If it’s not bad enough that mainstream AI amplifies power imbalances (though here I’m acknowledging that Indigenous, anticolonial, and ethical AI efforts are seeking to change the game), the question of electrical power remains. For me, the bottom line has to be the planet. The water. The air. The fact that communities are being sacrificed to data centers and that the race for more “efficiency” through AI uses exorbitant amounts of energy that has proponents clamoring to literally go nuclear. Now I’m reading that Open AI’s Sam Altman is saying “Let’s just put it in space!” This man is unserious.
Unless he IS serious… and that’s a darker philosophical topic getting into transhumanism. (I’m going to go off on a little tangent here—care to join me?)
In the meantime, back here on Earth, the novelty of chatbots, convenience of digital transcripts, and instant gratification of being able to summarize large amounts of text have made AI appealing to many nonprofit professionals, even as some take more circumspect approaches or say, “no thank you.” For an example of the latter, I recommend Berlin-based feminist futures lab SUPERRR’s policy statement, “About AI and Unlikelihood,” (which also summarizes so much of what I’ve attempted to, much better than I’ve been able to here).

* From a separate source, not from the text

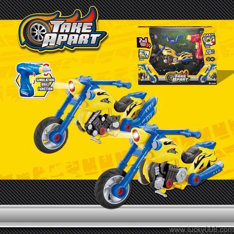 电钻声光自装摩托车 电钻2*AA不包 车体2*AG13包电 |
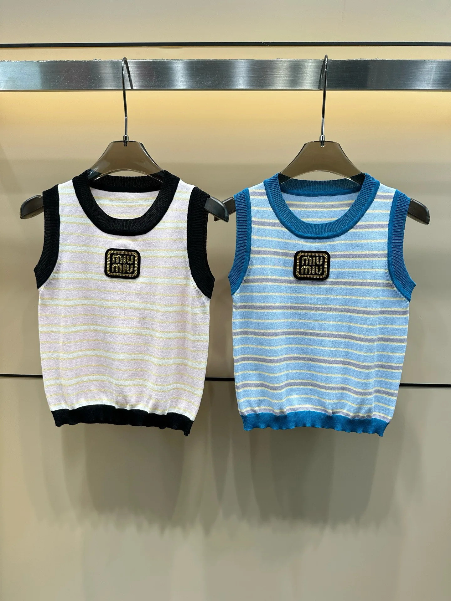 Premium Qualität Miu Miu Weste Gold Strick Bestickt Luxus

Like Vallor, SUPERRR contends that, in large part, “generative” AI isn’t generating or telling us anything we don’t already know. The voraciousness of data-hungry LLMs scrapes books and scholarly articles without consent, stealing our brains and selling them back to us with a side order of state surveillance and environmental destruction. It’s an innovation offering nothing new. We know how that story goes. What we need isn’t a mashup of probabilities. As SUPERRR states: “We are and we want the improbable.”
Or, as I wrote in my real-life notebook after reading The AI Mirror:
“In a world where we’re increasingly letting AI tell us different permutations of what we’ve already done before, I want to be one who asks: What is possible that isn’t recycled from our past but is utterly creative and liberatory?”